BRIEF DESCRIPTION OF THE DRAWINGS
The present invention may be better understood, and its numerous objects, features, and advantages made apparent to those skilled in the art by referencing the accompanying drawings.
FIG. 1 is a block diagram showing a processing of an array applied to signal encoding and reconstruction techniques according to the prior art.
FIG. 2 is a block diagram showing the use of a digital signal processor to process an array applied to signal encoding a reconstruction according to the prior art.
FIG. 3 illustrates the relationship between the entries of the sub-matrix and the memory unit entries for the ACELP matrix according to the present invention.
FIG. 4 illustrates a search path in the ACELP matrix in the sub-array for an EFRC search according to the present invention.
FIG. 5 is a block diagram of the array processing system according to the present invention.
FIG. 6 is an expanded block diagram of the array processing system illustrating the configuration of the search accelerator unit according to the present invention.
FIG. 7 is a block diagram illustrating the configuration of a pointer unit in the search accelerator unit according to the present invention.
The use of the same reference symbols in
different drawings indicates similar or identical items.
DESCRIPTION OF THE PREFERRED EMBODIMENT(S)
FIG. 1 and FIG. 2 have been discussed with respect to the prior art.

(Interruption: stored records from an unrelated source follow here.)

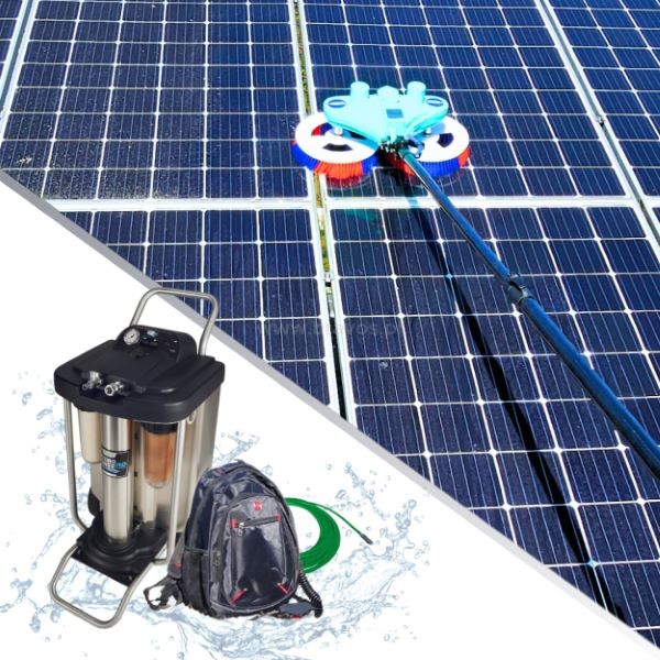 Kompletny zestaw do profesjonalnego czyszczenia powierzchni paneli fotowoltaicznych.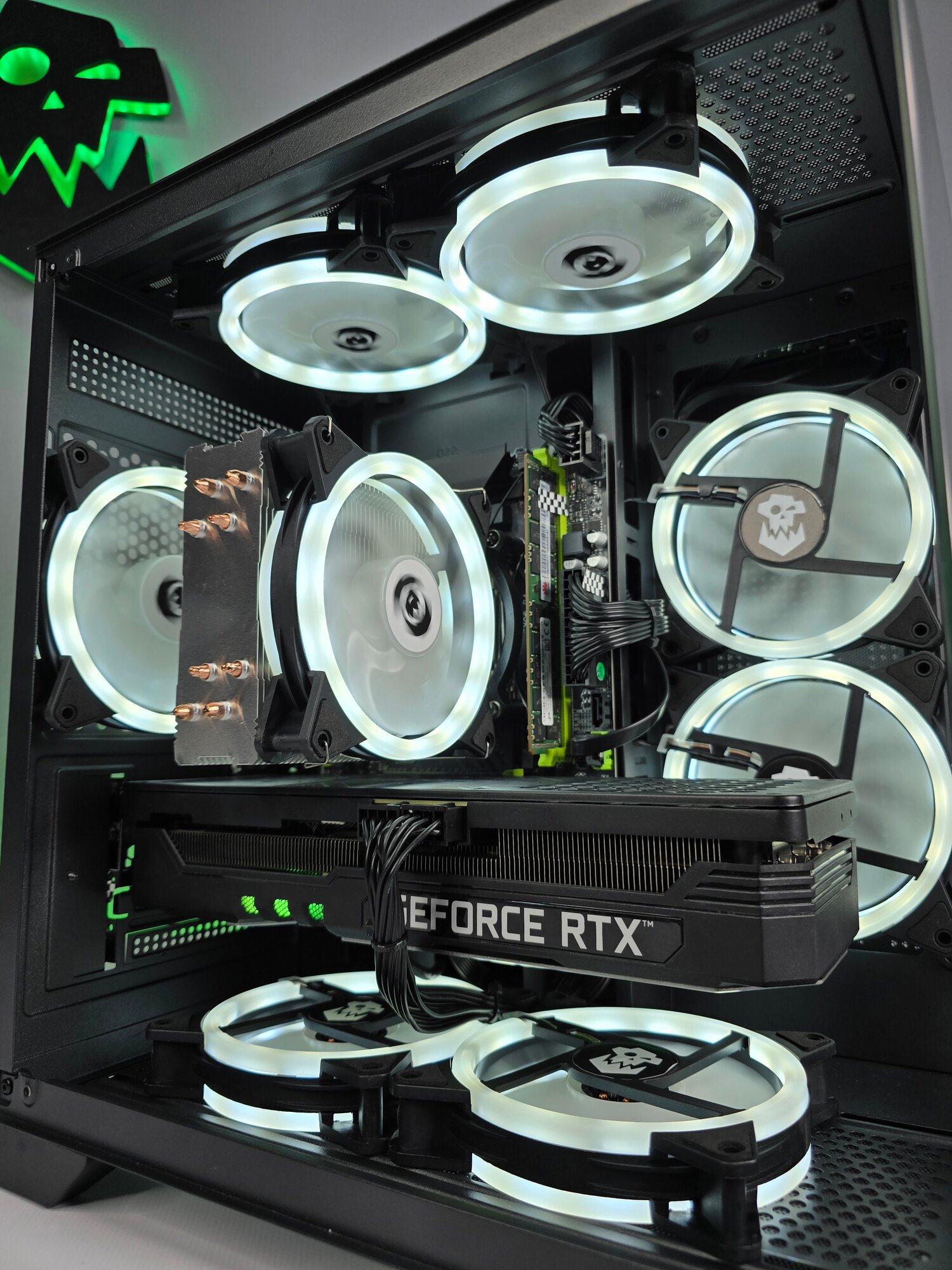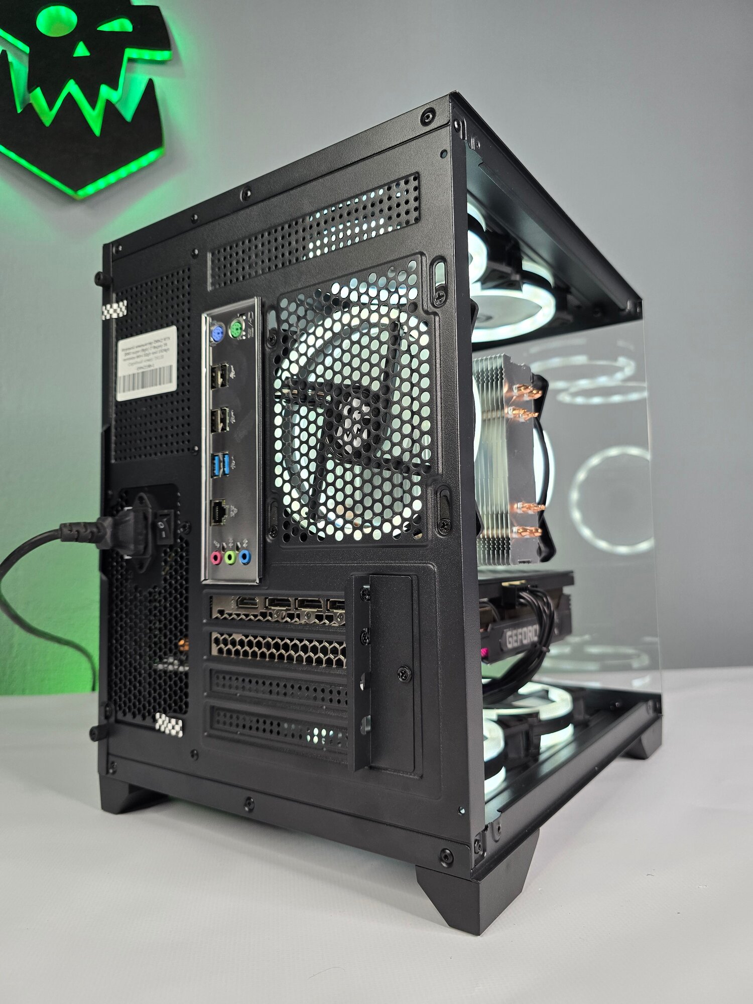 Кейс формата Mid-Tower с магнитным пылевым фильтром упрощает обслуживание. В комплекте кабель DisplayPort 1.4a и переходник USB-C → HDMI 2.1 для VR-шлемов.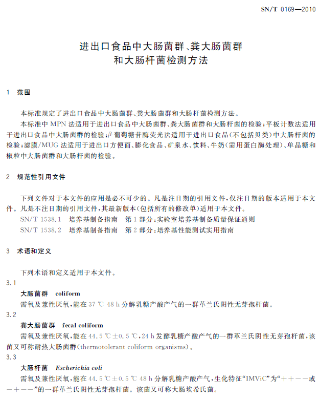 SN/T 0169-2010 进出口食品中大肠菌群、粪大肠菌群和大肠杆菌检测方法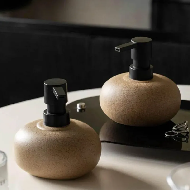 Transform your kitchen or bathroom with this elegant ceramic soap dispenser, designed to bring a natural element to your decor. Its smooth ceramic surface, adorned in warm, earthy tones, mimics the organic contours of river-polished stones, creating a soothing atmosphere in any space.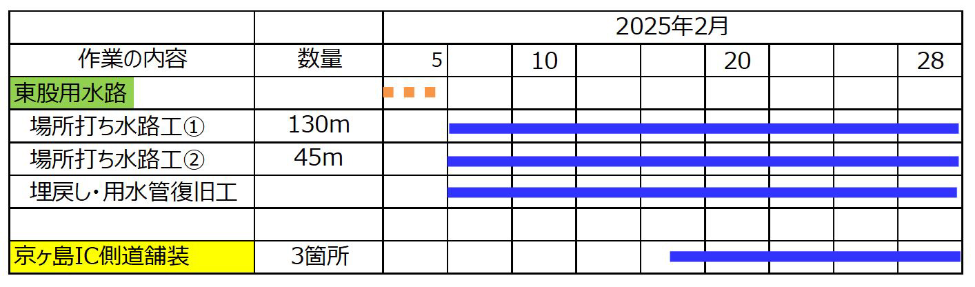 ☐3月3日~5日に京ヶ島インタ-脇の取付道路の舗装作業を行います。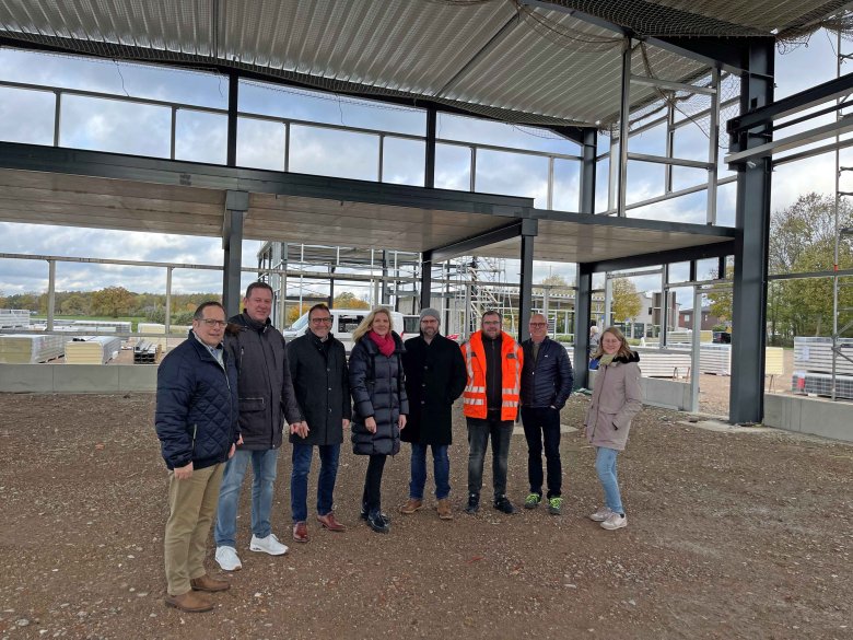 (v.l.n.r.: André Leson (Stadtbaurat), Hannah Baumhus (Bauunternehmen Baumhus), Johanna Reckmann-Tigges und Matthias Reckmann (MR Maschinenbau Reckmann ), Bürgermeisterin Karin Rodeheger, Ralf Schestak (UZS DekanterService), Volker Combrink (städt. Wirtschaftsförderer), Christian Steinhoff (UZS DekanterService) und Thomas Keßler (Bauunternehmen Baumhus)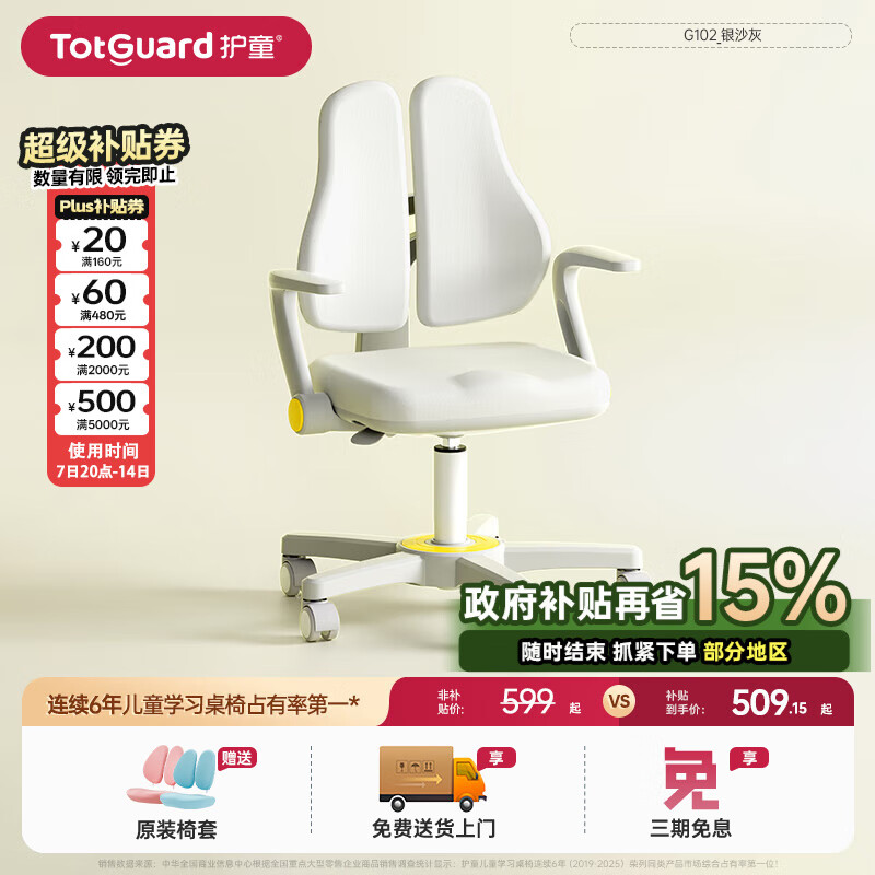 护童(Totguard)G102儿童学习椅写字椅小学生家用可升降调节靠背座椅升降椅电脑椅 G102-银沙灰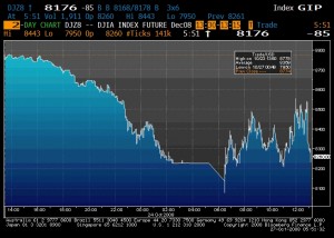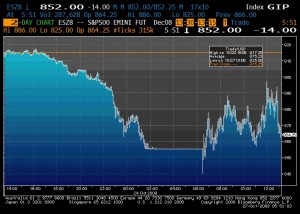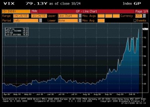 I meant to put this up last Friday but got a little tied up…  Anyway, there’s been a lot of markets halted since this whole fiasco started last August, but the majority of market closures and halts occur in often overlooked, developing markets like Russia and Indonesia (I put up a post about it here a while back: Let’s Just Close the Markets?).  You don’t often see the US market main index futures or equity exchanges halt trading.  Nothing should come as surprising in the financial markets these days, times when the forward looking volatility of the US markets is at its highest ever levels (right) and a day of 5% losses or gains is commonplace, but I wanted to post Friday’s major index halts because it’s a little out of the “ordinary” to see this happen.  The last time an NYSE circuit breaker was triggered was during the Asian financial crisis in October 1997 in an attempt to stem similar panic-drive losses to those experienced on Black Monday in 1987, when the circuit breakers and futures limit-downs were first instantiated.  On Friday we didn’t see the NYSE halt, but overnight we did see the futures limit-down during the early hours of London trading.  Below are the S&P 500 (left) and Dow Jones Industrial Average (right) futures contracts intra-day price action plots for Friday October 24.
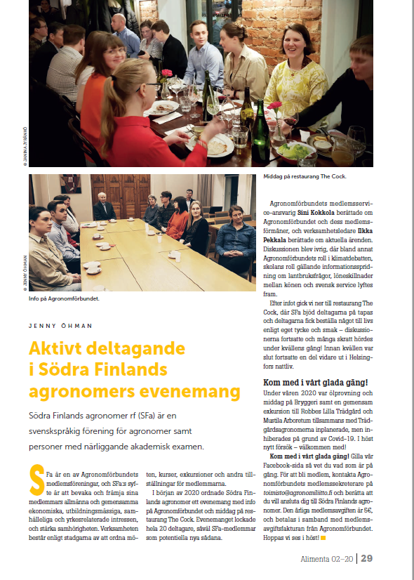 Kom med i Södra Finlands agronomer! Medlemsavgiften är 7€.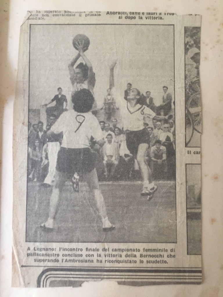Il secondo ritaglio volante ci riporta alla successiva carriera di Rosetta Boccalini: ritrae 3 cestiste, due in maglia bianca, una in maglia leggermente più scura. Non sappiamo né la data né la testata, ma la didascalia ci permette di capire che ci troviamo all’ultima partita del campionato vinto dalla Bernocchi Legnano, che sconfiggendo l’Ambrosiana in campo riconquista il titolo nazionale. Date queste coordinate, dobbiamo per forza di cose trovarci il 4 luglio 1948, sesta ed ultima giornata del girone finale della Serie A femminile: le legnanesi in effetti batterono le milanesi 29 – 14, aggiudicandosi il secondo titolo consecutivo (vd. Mascolo, Massimiliano (ed.) (20162): Almanacco del basket al femminile dal 1924 all’altro ieri. Viterbo: Melting Pot, p. 73).

As indicated above, one of the aspects of the present invention is to reduce the required number of memory locations required to store the ACELP matrix. The technique for reducing the number of storage locations recognizes that the matrix is symmetric with respect to the main diagonal of the array. Referring next to FIG. 3, the mapping of the entries in the matrix to the actual location address of a conventional memory unit is shown. Because the array elements are typically identified by an index including the row and column number, then, in order to reference a particular location in the triangular array as shown in FIG. 3, the conversion from an array location to a linear address must be known. The array location <row, col> is converted to the linear address addr, when col≧row and the row and column numbering begin with 0, by the equation
addr=row+{col×(col+1)}/2 1.)
Because the full rectangular matrix is not represented in memory, a memory reference to a location <m, n> in the rectangular matrix must sometimes be made to address <n, m> in the triangular sub-matrix that is actually represented in memory. This alternative means that for a sequential reference along a row of the full array must be made to a column of the reduced matrix until the diagonal is reached, and then the referencing must be made along the row where the reflection at the diagonal occurs. As an example, when references across row 17 of the full matrix is required starting, for example, at column 4, (with an increment of 5), the matrix references (using the notation of the pseudocode programs in the Appendices) are:
rr[17, 4], rr[17, 9], rr[17, 14], rr[17, 19], rr[17, 24], rr[17, 29], rr[17, 34], rr[17, 39].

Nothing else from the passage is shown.